自分も子育て真っ最中でしたので、初めは同じ境遇の子育てママたちをターゲットに、託児スペース完備で、コミュニティセンターで開催したところ、これが大人気。麩は消化が良くて安くて軽いから、ママさんたちの親世代にも勧められると口コミで広がり、毎回教室は満員御礼が続くようになりました。
予防医学と出会う
次の転換期は41歳の時。長男から「お母さん、国家資格持ってないの?」と言われたのが始まりでした。管理栄養士は、厚生労働省管轄で、大学へ通い単位を取得したうえで国家試験に合格しないと取れない資格だと知り、一念発起して岐阜市立女子短期大学に入学し、その後東海学院大学に編入。自分が携わる「食」について学び直しました。

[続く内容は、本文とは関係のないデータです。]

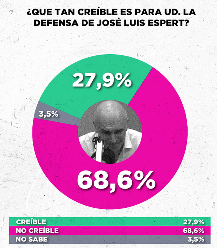 Aunque el economista salió a hablar en medios de comunicación e incluso difundió un video para explicar su relación con Machado, las vueltas, cambios de argumentos y negativas para contestar preguntas directas generaron dudas entre los votantes respecto a su versión de los hechos. De hecho, la encuesta señala que el 68,6% calificó de "no creíble" a la defensa de Espert.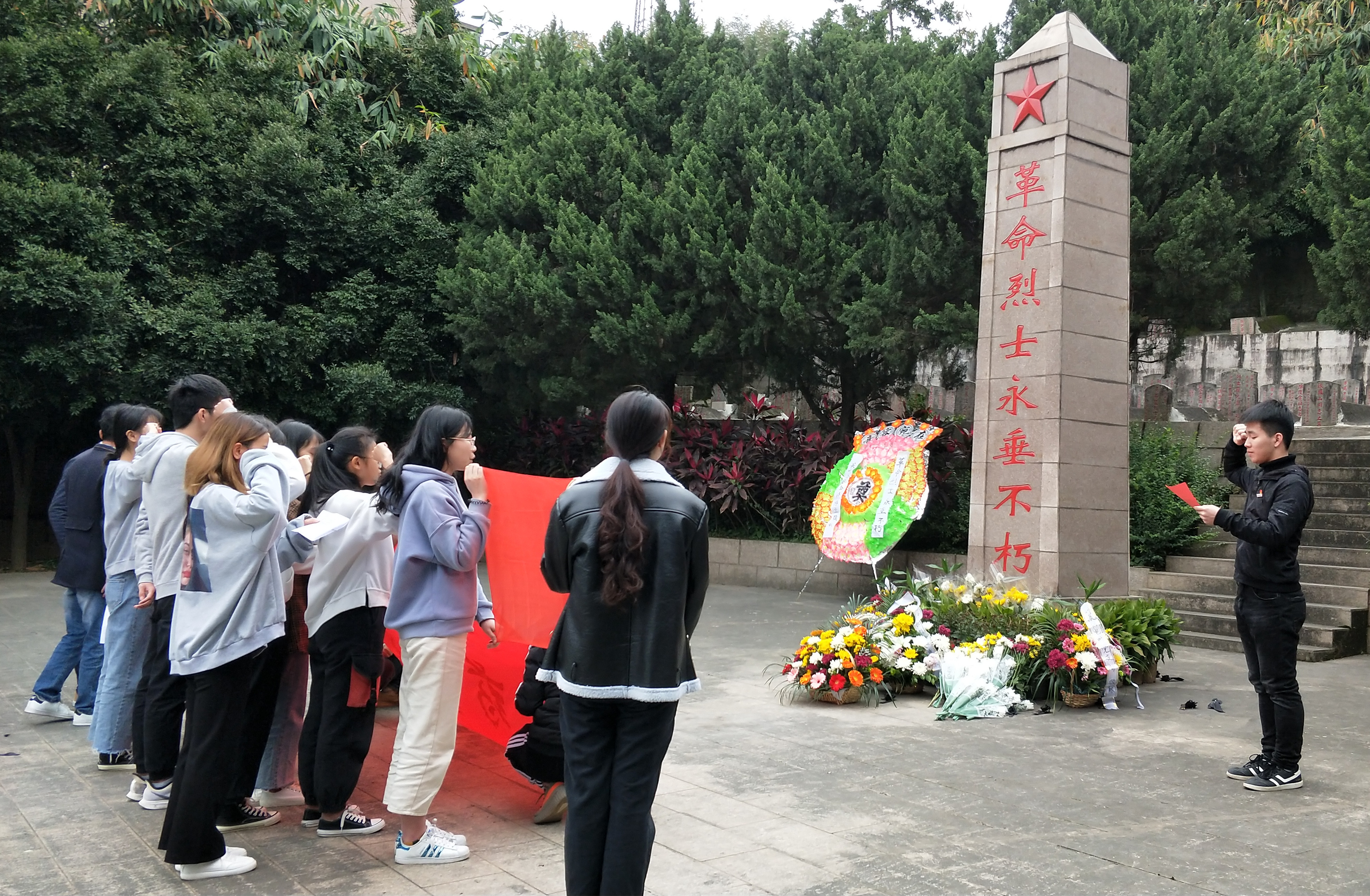 師生們步行來到烈士陵園,在雄偉的烈士紀念碑下,全體師生充滿了對烈士的無比敬仰。在老師組織下,同學們開始認真清掃陵園,清掃完成后在烈士墓前依次排開肅立默哀三分鐘,向為革命獻身的烈士們致敬,藥學系團總支副書記鄭衛敏代表師生向烈士紀念碑敬獻鮮花。隨后,由領誓人帶領同學們在烈士紀念碑下重溫入團宣誓,并莊嚴承諾將努力學習,繼承和發揚革命先烈的遺志,為祖國的建設和發展奉獻自己的青春和熱血。最后,全體師生集體奏唱國歌,以表達自己對英烈的緬懷、敬仰和感恩之情。

家事、育児をしながらの大学生活は、仕事も並行しながらのため、出席日数がギリギリの科目もありました。年の離れた学生に交じって、にぎやかに勉強するのは楽しかったですが、当時は我ながらよくこなしていましたね。この頃、継続していたお麩の料理教室の活動がたまたま東海学院大学の学部長の目にとまり、非常勤講師の依頼を受けることになりました。大学講師の仕事が増えたおかげで、さらに多忙になりましたが、いかにうまく時間を使うかというコツも学びました。同居していた母をはじめ、家族は理解し、協力してくれて、私の勉強にも興味を持って接してくれたのはありがたかったです。

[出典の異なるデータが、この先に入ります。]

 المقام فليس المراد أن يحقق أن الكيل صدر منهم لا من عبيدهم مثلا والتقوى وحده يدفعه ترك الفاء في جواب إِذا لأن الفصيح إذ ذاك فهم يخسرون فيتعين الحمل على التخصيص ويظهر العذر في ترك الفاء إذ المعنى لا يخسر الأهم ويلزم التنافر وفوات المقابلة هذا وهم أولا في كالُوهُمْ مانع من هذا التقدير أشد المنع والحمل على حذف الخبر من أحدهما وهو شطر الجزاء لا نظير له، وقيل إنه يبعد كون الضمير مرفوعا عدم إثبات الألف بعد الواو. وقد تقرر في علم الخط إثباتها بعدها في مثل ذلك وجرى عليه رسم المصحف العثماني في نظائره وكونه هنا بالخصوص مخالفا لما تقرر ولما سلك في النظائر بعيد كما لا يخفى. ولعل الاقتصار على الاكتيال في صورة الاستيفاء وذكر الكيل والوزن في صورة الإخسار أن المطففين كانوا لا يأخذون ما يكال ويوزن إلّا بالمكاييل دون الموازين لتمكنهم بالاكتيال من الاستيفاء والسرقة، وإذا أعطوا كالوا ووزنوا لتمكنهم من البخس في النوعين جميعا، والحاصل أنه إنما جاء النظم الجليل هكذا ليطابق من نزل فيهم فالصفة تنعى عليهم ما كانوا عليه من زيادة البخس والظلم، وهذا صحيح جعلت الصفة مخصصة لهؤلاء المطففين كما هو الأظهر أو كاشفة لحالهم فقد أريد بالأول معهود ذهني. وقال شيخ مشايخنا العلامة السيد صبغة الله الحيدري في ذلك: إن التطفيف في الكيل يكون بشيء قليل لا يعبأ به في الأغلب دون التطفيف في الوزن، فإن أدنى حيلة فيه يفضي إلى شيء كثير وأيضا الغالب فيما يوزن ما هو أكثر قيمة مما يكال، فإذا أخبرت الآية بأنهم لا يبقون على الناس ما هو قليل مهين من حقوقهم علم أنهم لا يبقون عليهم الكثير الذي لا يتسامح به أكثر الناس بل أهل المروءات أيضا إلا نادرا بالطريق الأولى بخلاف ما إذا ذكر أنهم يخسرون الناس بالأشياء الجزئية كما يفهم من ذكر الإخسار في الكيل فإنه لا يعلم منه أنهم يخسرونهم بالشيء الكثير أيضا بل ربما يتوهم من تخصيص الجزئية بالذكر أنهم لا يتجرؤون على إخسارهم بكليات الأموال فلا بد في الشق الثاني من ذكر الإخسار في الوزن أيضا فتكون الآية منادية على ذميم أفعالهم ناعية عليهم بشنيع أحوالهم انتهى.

管理栄養士の資格取得によって、公衆衛生、高齢者の食事、スポーツ栄養学など、さまざまな視野の広がりを与えてもらいました。資格を活かした仕事をもっとしたくて、さらに勉強を重ね、多くの選択肢の中からフォーカスしたのは予防医学でした。医師である弟から、医療現場の話を聞く機会が多く、予防医学の大切さを強く感じるようになりました。ただ長生きするだけでなく、食事や生活習慣の改善で病気を予防して豊かに生きるという理念に共感し、健康な人たちに向けた食事のとり方に始まり、働くお母さんの時短料理を教室に取り入れるなど、自分の考え方の幅を広げるきっかけになりました。
視野も人脈も広げたい
2020年に水害ボランティアに行ったとき、被災者の方が食べているものがあまりにも栄養バランスが偏っているのを目の当たりにして、なんとかできないかと、レシピや栄養バランスガイドを考案しました。防災は「災害を防ぐ」と書きますが、実際のところは自然現象だから私たちには防げません。だけど備えることはできる。私は「備え食」「備え人」と呼んでいますが、災害に備える知識を紹介する活動のために防災士の資格を取りました。

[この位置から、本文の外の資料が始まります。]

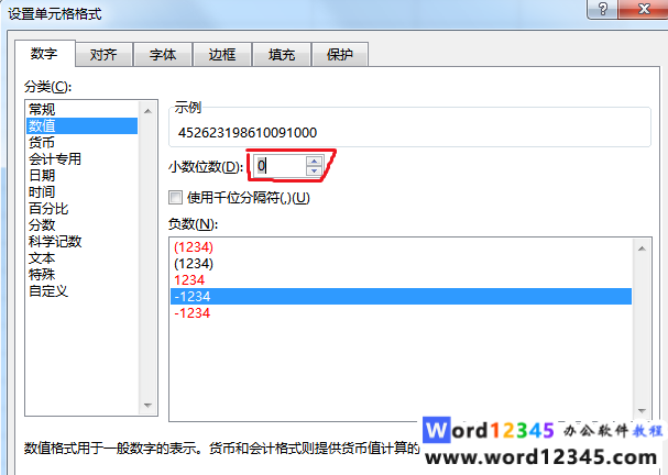 2、如果输入的数值有小数点,我们在小数位数选择要显示的小数位,我们输入数值为身份证号,不需要显示小数点,这里我们设置为0。设置OK后,点击确定按钮。

まずは地元・本巣市からこの運動を広めようと、道の駅などで防災イベントを始めたら、自治体・学校関係・子供会などの団体の目に留まり、講演をやってほしいと頼まれるようになりました。ひとつ行動すると人脈がどんどん広がっていきました。料理教室の活動にも興味を持っていただけたこともあり、幼稚園から高校、高齢者まで幅広い年代層の人から声をかけて頂くことが増えました。人が好きで話すことも好きなので、どんどんつながりが増えていっています。
まだ始めたばかりですが、「ふーちゃんの元氣食堂」という名前で、お麸のスナックやかりんとうをはじめ、岐阜の食材を使ったスイーツや発酵調味料など、健康でおいしい食品を発信していく拠点をつくりました。廃棄になった地元野菜を農家から引き取って乾燥野菜を作る取り組みは、防災食にもなるのはもちろん、簡単に調理ができる食材にもなるし、SDGsの12番「つくる責任・つかう責任」にもあてはまるということで、力を入れ始めました。いろいろな食材に興味を持って、追及して調べて試作して、次のアイディアもどんどん展開して考えるのが大好き。元氣食堂のスタッフも活発に意見をくれて、試行錯誤を楽しんでいます。
健康の輪を、本巣から
息抜きは山登り。2000m級から、思い立ったらすぐ登ってしまう金華山まで、山登り仲間と集まって、時間が許す限り参加しています。ストレス発散という意味であれば、バッティングセンターで1時間くらいバットを振ればスッキリ。仕事とプライベートは優先順位を決めて、やり切ったら持ち越さないようにしています。子どもの頃は、生まれ変わったら男になりたいと思っていましたし、女性だからという理由でチヤホヤされるのも好きではないので、仕事への向き合い方も男性的かもしれませんね。
結婚したときはこんな将来を予想できませんでしたが、国家資格をとってから出会った方たちがいろんなご縁をつないでくださり今があります。ずっと変わらないのは、昨日より今日、ひとつでも一歩でも成長していたいという気持ち。
近い将来の夢は、自然豊かなこの本巣市で、本巣の自然を感じ、地元の食材で出来たご飯を食べる「クアオルト事業」のようなものを実現させることです。それから、高齢者の自立も含め、社会を退かれた方が輝ける場所を提供したくて、この「ふーちゃんの元氣食堂」もそういったコミュニティのひとつへの足掛かりになればいいなと思っています。人生100年時代、心豊かに生きる、心も体も健康な人でこの岐阜をいっぱいにしたいと思っています。